Unrecognised nursery and primary schools have mushroomed in the last decade, primarily driven by the demand generated by the proliferation of matriculation schools. The Tamil Nadu Elementary Education Act does not permit primary education in the English medium. Primary education, under the Act, shall be only in the Tamil medium. Thus, the matriculation schools needed English medium primary schools to feed them with pupils. The infrastructure in these schools is, if anything, worse. Since there was no need to register or secure approval or recognition for these schools, they mushroomed. The government set up the S.V. Chittibabu Commission in the 1990s to study the proliferation of unrecognised primary schools in the State. This committee prepared a code for nursery and primary schools, but this code had no statutory backing. When schools were asked to register under the code, most of them simply refused to do so saying that they did not want to be monitored.

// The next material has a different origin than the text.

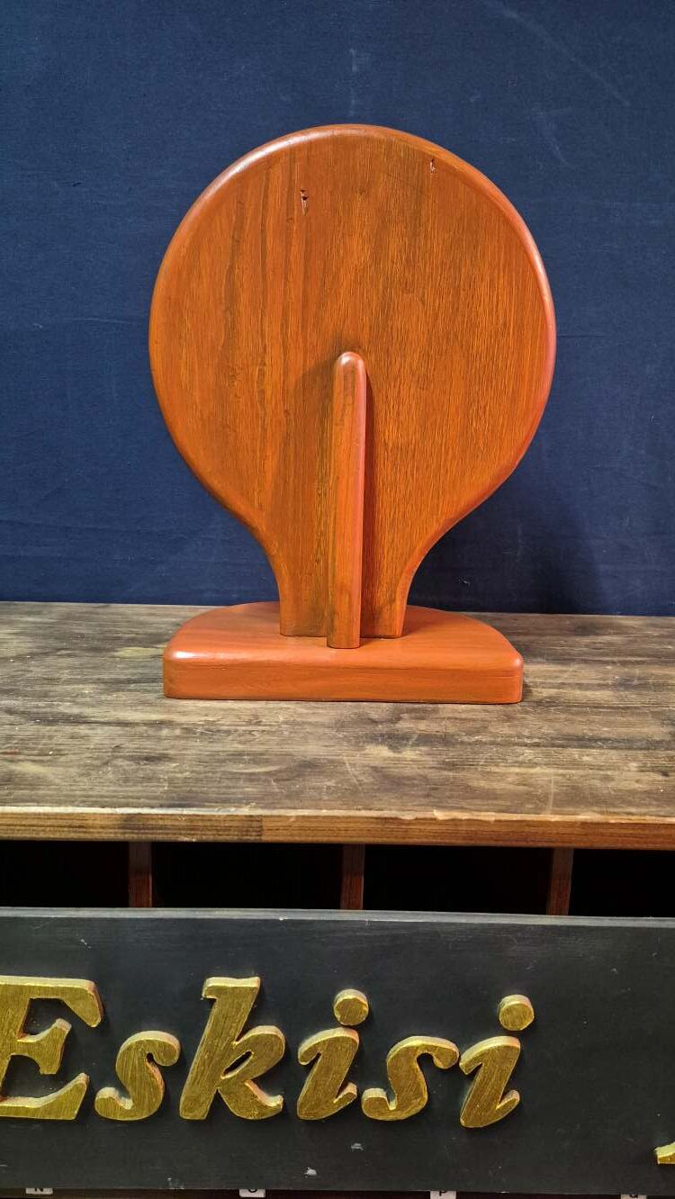 Masif ahşap tik ağacı taban üzerine dikey olarak monte edilmiş, ahşap çapı 26 cm, saat alt çapı 22,86 cm, saat üst çapı 15,24 cm,

According to the report of the Committee on Matriculation Schools in Tamil Nadu, also headed by Chittibabu, there are some 3,000 matriculation schools in the State. They are required to adopt English as the medium of instruction. The report notes a proliferation of such private schools over the last two decades. From 5 per cent of all schools in the mid-1980s, matriculation schools now added up to 35 per cent.

Of the 1,635 schools that responded to the committee's questionnaire, a fourth were unrecognised. Over 65 per cent of the schools (from LKG to the 12th standard) functioned on less than one acre (0.4 hectare), most without a playground. While only a fifth of the schools had a building area of more than 10,000 sq ft, 10 per cent of the schools functioned in buildings with an area of less than 1,000 sq ft. Some 19 per cent of the boys and 28 per cent of the girls did not have access to "suitable" toilet facilities. Nearly a fourth of the schools were in kutcha buildings with "small classrooms". About 60 per cent of the teachers were untrained and a similar percentage of teachers had less than two years' experience. Nearly a third of the teachers were paid less than Rs.1,000 a month; 67 per cent got less than Rs.2,000.

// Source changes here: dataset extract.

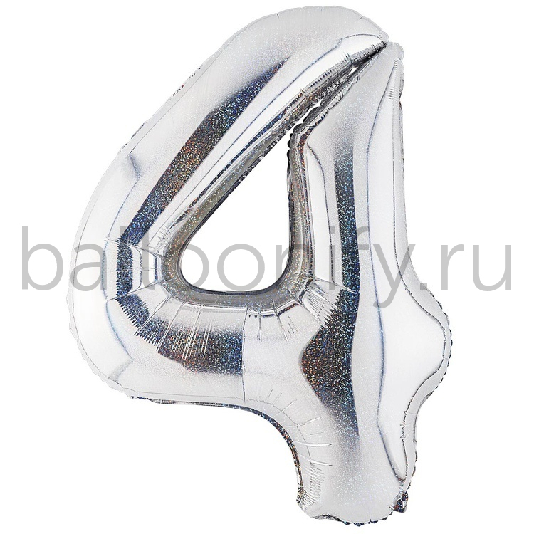 Шар ЦИФРА 4 Silver блеск 40" 102 см

This report was submitted to the government in March 2003, but little is known of any action taken.

Under the Tamil Nadu Private School Regulation Act, the PWD or a chartered engineer has to issue a "structural fitness certificate". But as every builder is a chartered engineer, the schools get the fitness certificate from the one who built the school. Thus, in some sense, it is self-certification that is happening.

All along the "building fitness" or "structural safety" certificate needed for a school to obtain recognition was issued by the local authorities, but in December last year the Director of Primary Education came out with a set of guidelines governing the inspection of school structures by local bodies. This move came after a school building in Tirunelveli collapsed in heavy rain. The Kumbakonam school fire tragedy is, in some sense, an indictment of the local authorities, such as the District Education Officers, for their failure to monitor the safety of school structures.

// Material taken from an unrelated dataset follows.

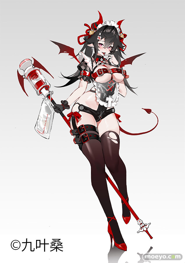 ロケットボーイの新作エロフィギュア「九叶桑氏オリジナルイラスト ゼナ」が予約受付開始!『大人気イラストレーター、九叶桑氏が描く「ゼナ」を立体化!はち切れんばかりのバストとヒップに引き締まったくびれボディを再現しました。小悪魔ナースの色気に精気を吸われてしまいそうです!各所のクリアパーツによる彩色のメリハリや、手首の差し替えによるシチューションの変化もお楽しみください。』というもので、胸とショートパンツは取り外しと差し替えが可能!原型制作は日不見ひずみさん。彩色制作はグラハム仮面さん。そのサンプルの様子を、画像レビューとしてお伝えします!(アダルトフィギュアとなります!18歳未満の方は閲覧をお控えください。)

The role of teachers in such accidents has also come to the fore after the Kumbakonam tragedy. Says a retired school headmaster: "As a teacher I am ashamed of the way the teachers of the school behaved. But one should not lose sight of the fact that these teachers are paid a pittance and are, mostly, not trained ones. What kind of responsibility can you expect from such teachers?"

One way of dealing with the situation, many argue, is to entrust to the local bodies, such as panchayats, once again the responsibility of approving and monitoring schools. The local bodies had been administering, under the provisions of the Tamil Nadu Elementary Education Act, 1920, schools under their jurisdiction until 1981, when the government entrusted this responsibility to the Directorate of School Education.

There is clearly no dearth of norms or rules to provide good quality education in safe surroundings. What is required is the political will to enforce the rules and implement them scrupulously.